**DATA BLOCK**
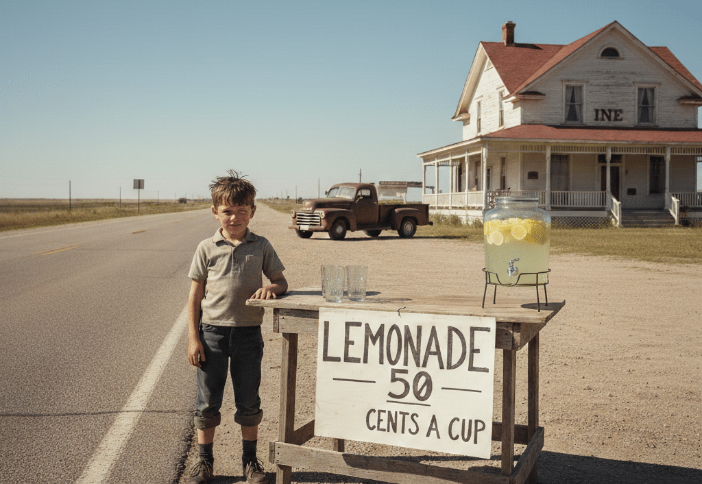 במוחו הצעיר נרקמה תוכנית. הוא נטל דוד גדול, סחט לתוכו לימונים טריים בדבקות, ערבב מים וסוכר, ובשארית כוחותיו גרר שולחן קטן אל שולי הכביש הלוהט. בכתב יד ילדותי וגדול הכין שלט: "לימונדה קרה – חצי דולר לכוס".
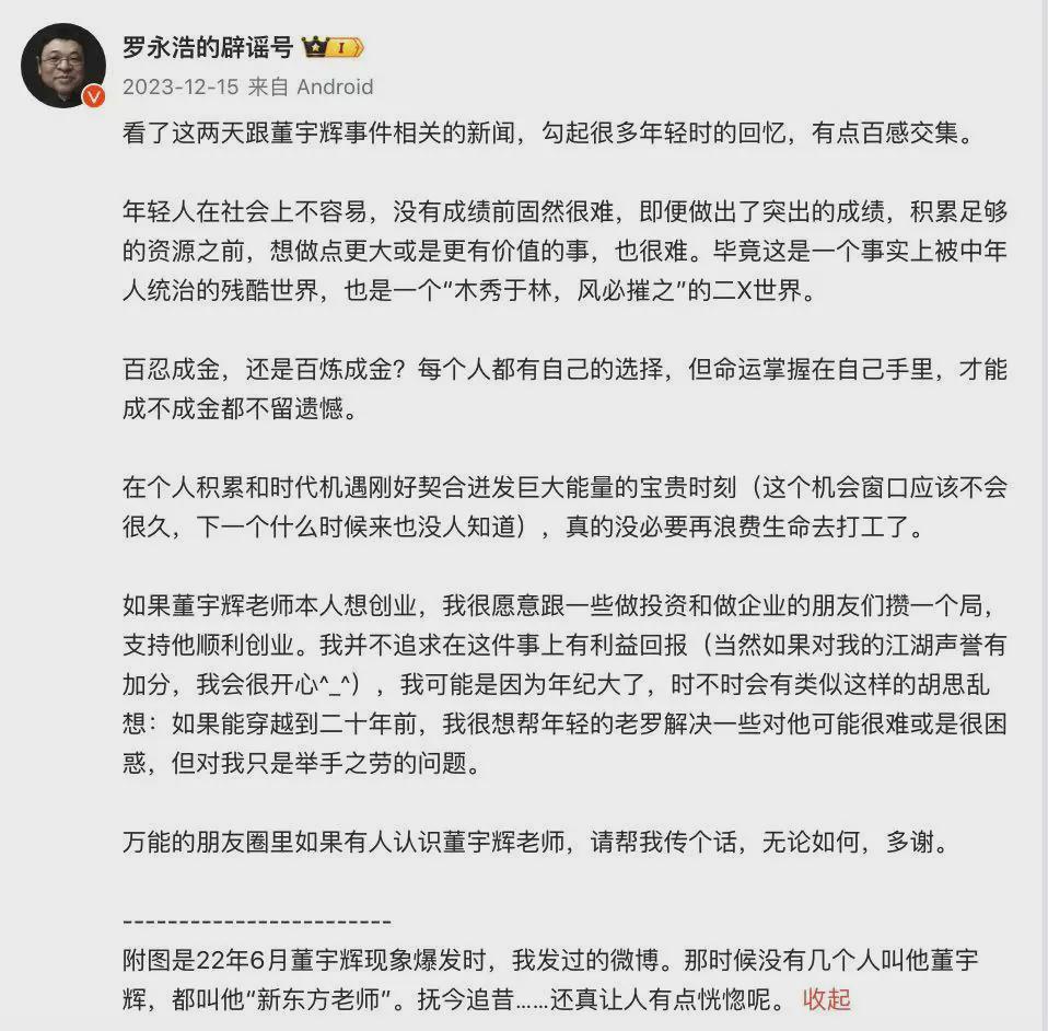 罗永浩与俞敏洪再次一起登上热搜,是2023“小作文事件”,原本是董宇辉和东方甄选的矛盾,原本是千万“丈母娘们”不满东方小孙和俞敏洪,但罗永浩却跳出来发声支持董宇辉。
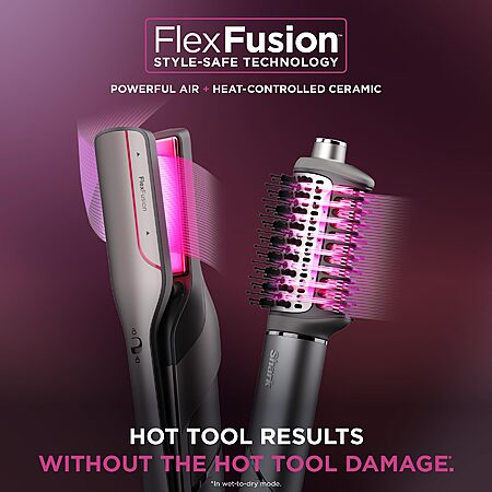 Model: Shark FlexFusion Hair Straightener & Powerful Hair Dryer with Fusion Hair Brush, Ceramic Air Styler with Auto-Wrap Hair Curlers, Concentrator, & FrizzFighter, Ceramic Plates, Metallic Mist, HD651S
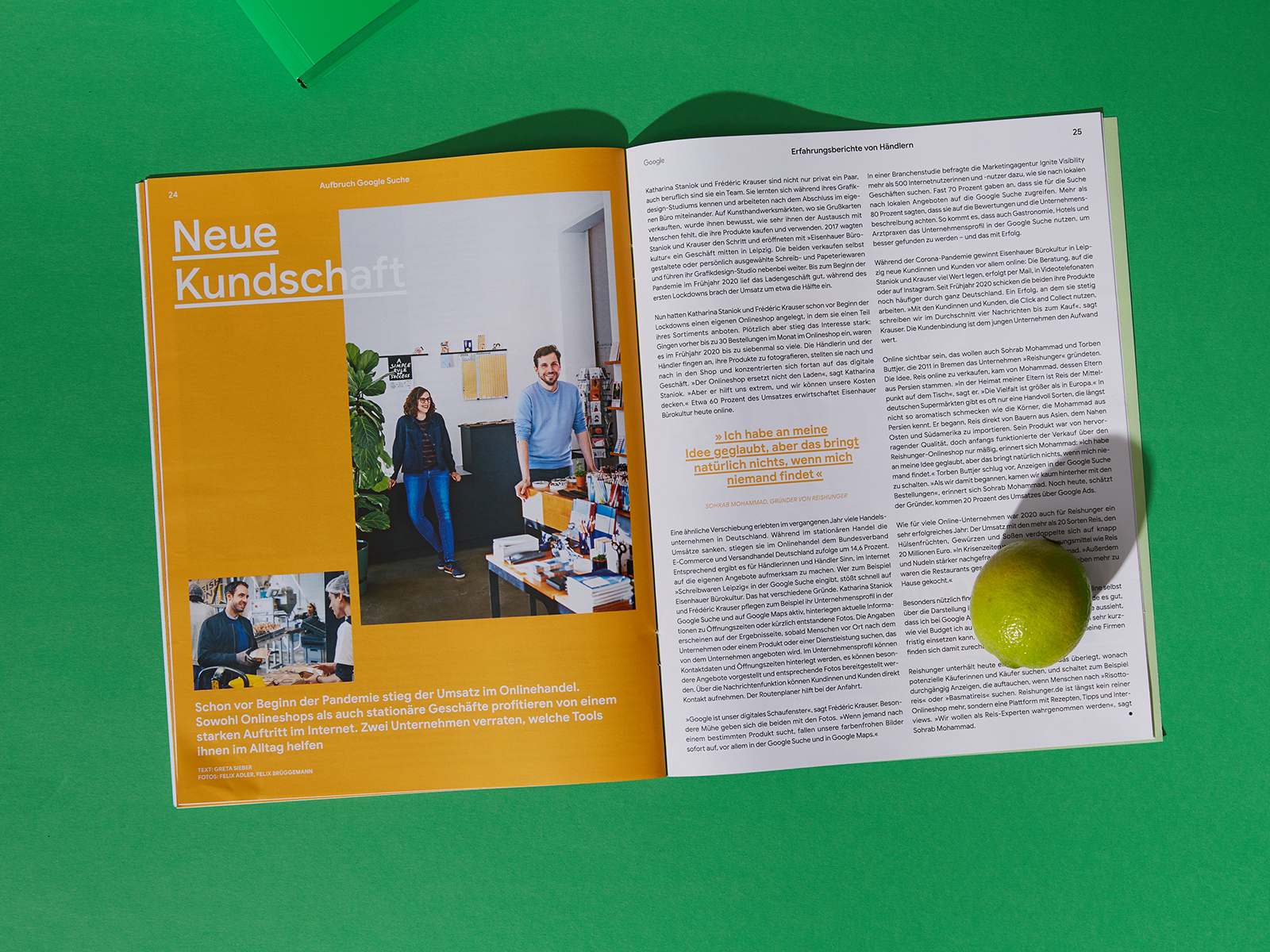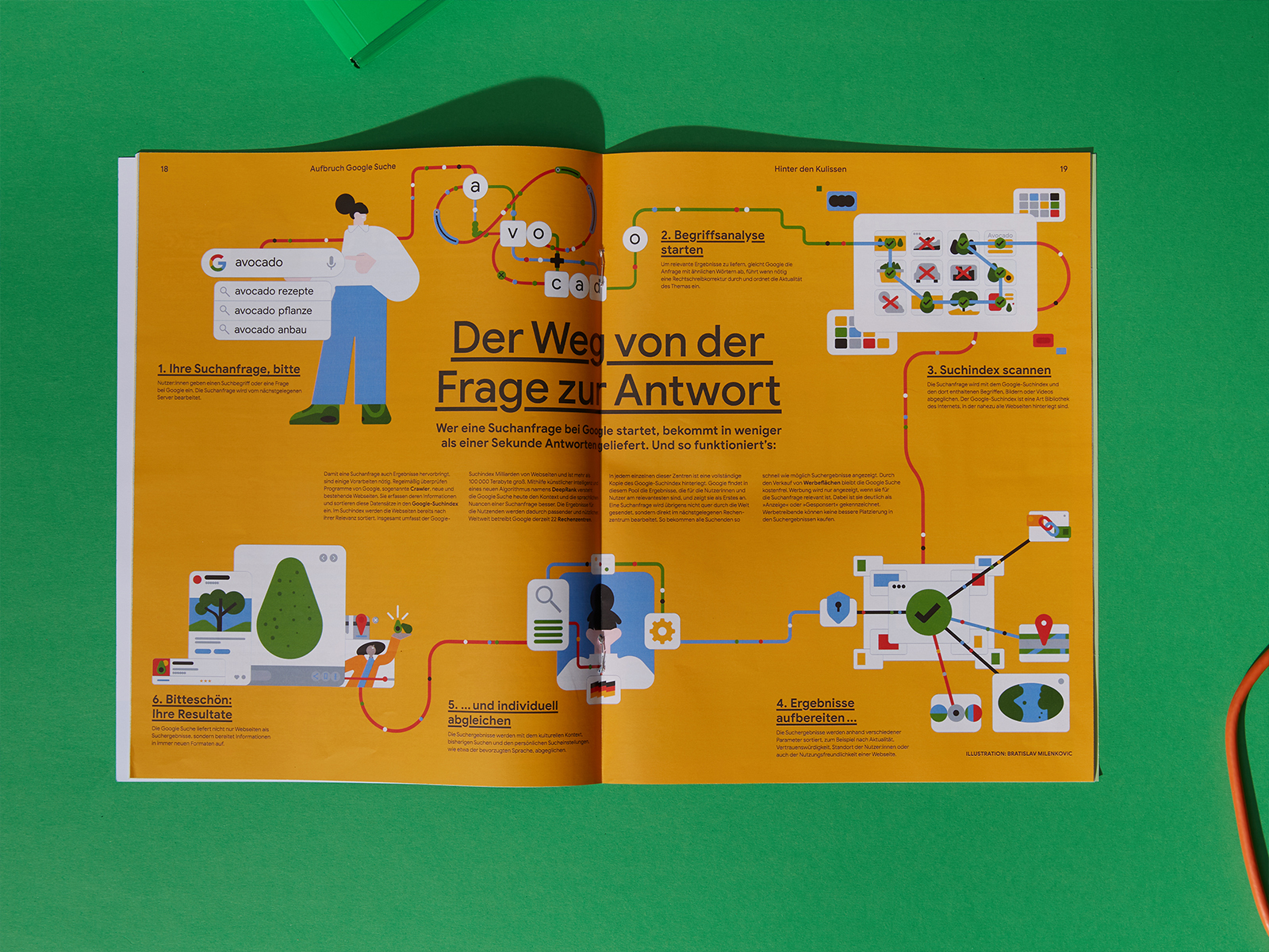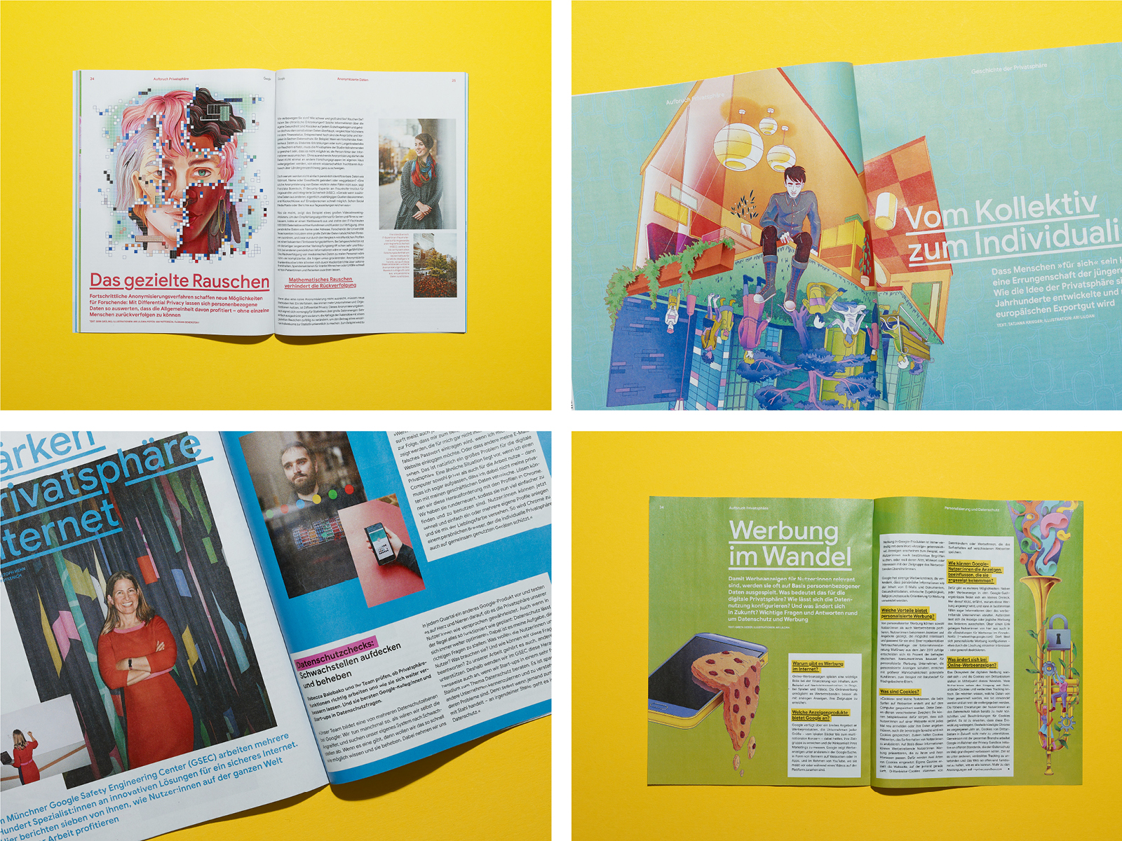 The editorial design was given a contemporary and inspiring design rework to present innovative stories, versatile portraits and helpful background information in a contemporary and motivating way. Changing collaborations with illustrators and photographers round off the transformation of Google Aufbruch magazine. The aim of each issue is to provide millions of readers with exciting access to the digital transformation of our society, economy and politics in an entertaining and informative way.

**TASK DIRECTIONS**
Nothing but the lines from the one that contains "Model: Shark FlexFusion" through the last line of the material should be written out, exactly. Omit pictures.

**YOUR SOLUTION**
 Model: Shark FlexFusion Hair Straightener & Powerful Hair Dryer with Fusion Hair Brush, Ceramic Air Styler with Auto-Wrap Hair Curlers, Concentrator, & FrizzFighter, Ceramic Plates, Metallic Mist, HD651S
 The editorial design was given a contemporary and inspiring design rework to present innovative stories, versatile portraits and helpful background information in a contemporary and motivating way. Changing collaborations with illustrators and photographers round off the transformation of Google Aufbruch magazine. The aim of each issue is to provide millions of readers with exciting access to the digital transformation of our society, economy and politics in an entertaining and informative way.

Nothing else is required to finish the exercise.